Your response should reproduce every line of the entries that contains the word "with".

Data for review
* * *
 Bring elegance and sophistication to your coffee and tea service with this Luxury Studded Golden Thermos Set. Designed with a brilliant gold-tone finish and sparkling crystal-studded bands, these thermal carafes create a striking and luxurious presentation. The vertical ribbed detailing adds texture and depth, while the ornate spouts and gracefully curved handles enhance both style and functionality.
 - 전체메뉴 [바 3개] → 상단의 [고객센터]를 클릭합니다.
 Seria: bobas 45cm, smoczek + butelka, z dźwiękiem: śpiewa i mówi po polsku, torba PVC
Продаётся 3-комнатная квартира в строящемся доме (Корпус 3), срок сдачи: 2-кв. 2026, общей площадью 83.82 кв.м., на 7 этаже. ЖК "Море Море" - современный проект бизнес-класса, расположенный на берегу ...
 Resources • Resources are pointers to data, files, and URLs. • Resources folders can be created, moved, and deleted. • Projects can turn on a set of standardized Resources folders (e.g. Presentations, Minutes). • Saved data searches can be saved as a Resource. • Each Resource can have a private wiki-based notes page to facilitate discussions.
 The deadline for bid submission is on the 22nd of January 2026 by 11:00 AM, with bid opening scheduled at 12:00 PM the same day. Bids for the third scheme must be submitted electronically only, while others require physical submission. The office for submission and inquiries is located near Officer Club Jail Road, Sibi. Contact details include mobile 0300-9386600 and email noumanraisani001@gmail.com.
* * *
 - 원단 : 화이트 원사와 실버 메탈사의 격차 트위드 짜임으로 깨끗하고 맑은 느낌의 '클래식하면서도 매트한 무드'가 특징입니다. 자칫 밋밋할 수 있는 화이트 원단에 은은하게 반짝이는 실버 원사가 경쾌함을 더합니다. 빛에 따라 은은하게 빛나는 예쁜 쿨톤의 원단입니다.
* * *
Output of the task
 Bring elegance and sophistication to your coffee and tea service with this Luxury Studded Golden Thermos Set. Designed with a brilliant gold-tone finish and sparkling crystal-studded bands, these thermal carafes create a striking and luxurious presentation. The vertical ribbed detailing adds texture and depth, while the ornate spouts and gracefully curved handles enhance both style and functionality.
 The deadline for bid submission is on the 22nd of January 2026 by 11:00 AM, with bid opening scheduled at 12:00 PM the same day. Bids for the third scheme must be submitted electronically only, while others require physical submission. The office for submission and inquiries is located near Officer Club Jail Road, Sibi. Contact details include mobile 0300-9386600 and email noumanraisani001@gmail.com.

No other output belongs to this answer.